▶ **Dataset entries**
• • • • •

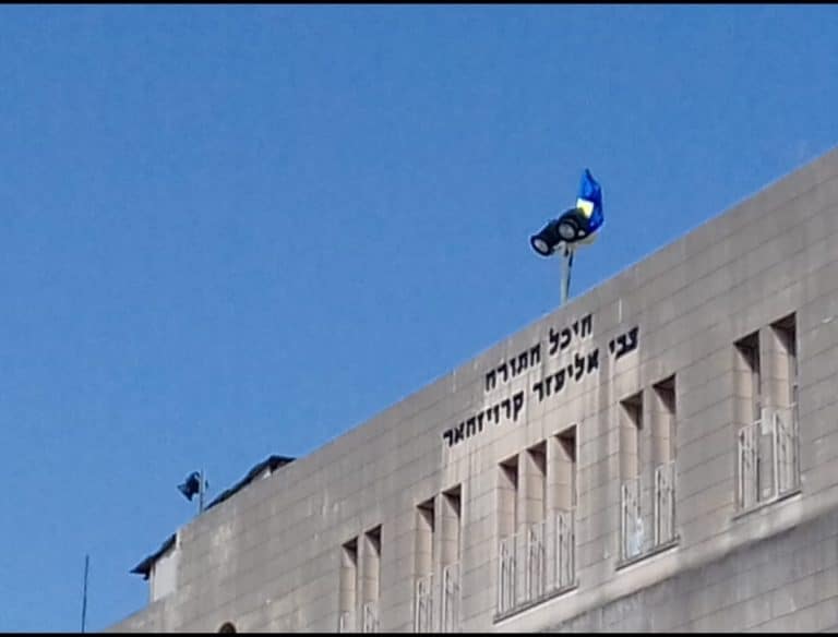 דגל אוקראינה הונף מעל ישיבת פוניבז'
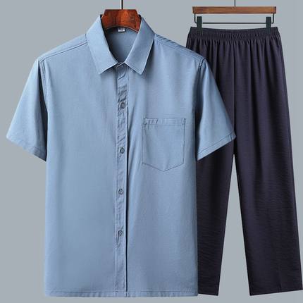 中老年男士短袖衬衫套装夏季宽松冰丝纽扣商务衬衣老人爷爷爸爸装
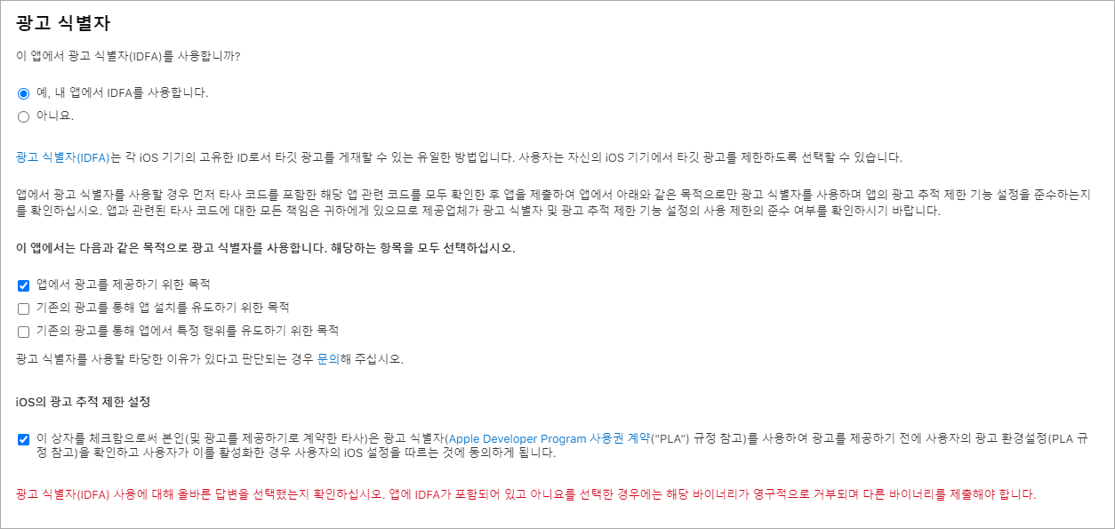 아래와 같이 App Store Connect에서 광고 식별자 부분을 잘 확인해야 한다.
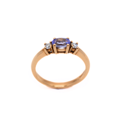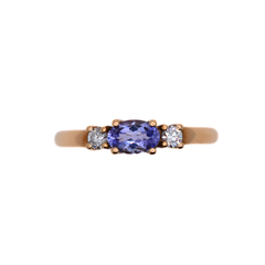 18ct Yellow Gold Oval Tanzanite And Diamond Trilogy Ring
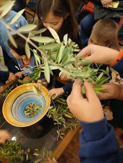 Αναζητούμε την προσφορά και την αξία της ελιάς, μέσα από τη Μυθολογία, την Ιστορία, τη Θρησκεία, την Παράδοση και τις Τέχνες. Συζητάμε για τη συμβολή της στην υγιεινή διατροφή, γευόμαστε φρέσκο λάδι, αγουρέλαιο και δημιουργούμε το κολατσιό μας και κεράσματα με παραδοσιακές συνταγές.
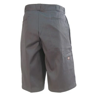 These charcoal grey shorts are made from 8.5 ounce, 65% polyester and 35% cotton twill with a Scotchgard stain release finish. They have a 13 inch inseam, and lockstitched hems. They have a flat front, non-roll waistband, and a no-iron permanent crease. These men’s shorts are also wrinkle resistant so you will stay looking neat and professional the entire day. They feature the cell phone pocket and Dickies logo on the left front leg.
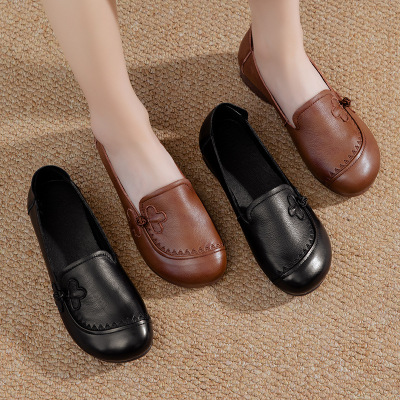 真皮圆头复古妈妈单鞋女百搭休闲舒适平跟软底老人鞋子

• • • • •

▶ **ASSIGNMENT**
Each line of the data above should be reproduced without alteration, and no picture should appear in the copy.

▶ **ANSWER SECTION**
 דגל אוקראינה הונף מעל ישיבת פוניבז'
 中老年男士短袖衬衫套装夏季宽松冰丝纽扣商务衬衣老人爷爷爸爸装
 아래와 같이 App Store Connect에서 광고 식별자 부분을 잘 확인해야 한다.
 18ct Yellow Gold Oval Tanzanite And Diamond Trilogy Ring
 Αναζητούμε την προσφορά και την αξία της ελιάς, μέσα από τη Μυθολογία, την Ιστορία, τη Θρησκεία, την Παράδοση και τις Τέχνες. Συζητάμε για τη συμβολή της στην υγιεινή διατροφή, γευόμαστε φρέσκο λάδι, αγουρέλαιο και δημιουργούμε το κολατσιό μας και κεράσματα με παραδοσιακές συνταγές.
 These charcoal grey shorts are made from 8.5 ounce, 65% polyester and 35% cotton twill with a Scotchgard stain release finish. They have a 13 inch inseam, and lockstitched hems. They have a flat front, non-roll waistband, and a no-iron permanent crease. These men’s shorts are also wrinkle resistant so you will stay looking neat and professional the entire day. They feature the cell phone pocket and Dickies logo on the left front leg.
 真皮圆头复古妈妈单鞋女百搭休闲舒适平跟软底老人鞋子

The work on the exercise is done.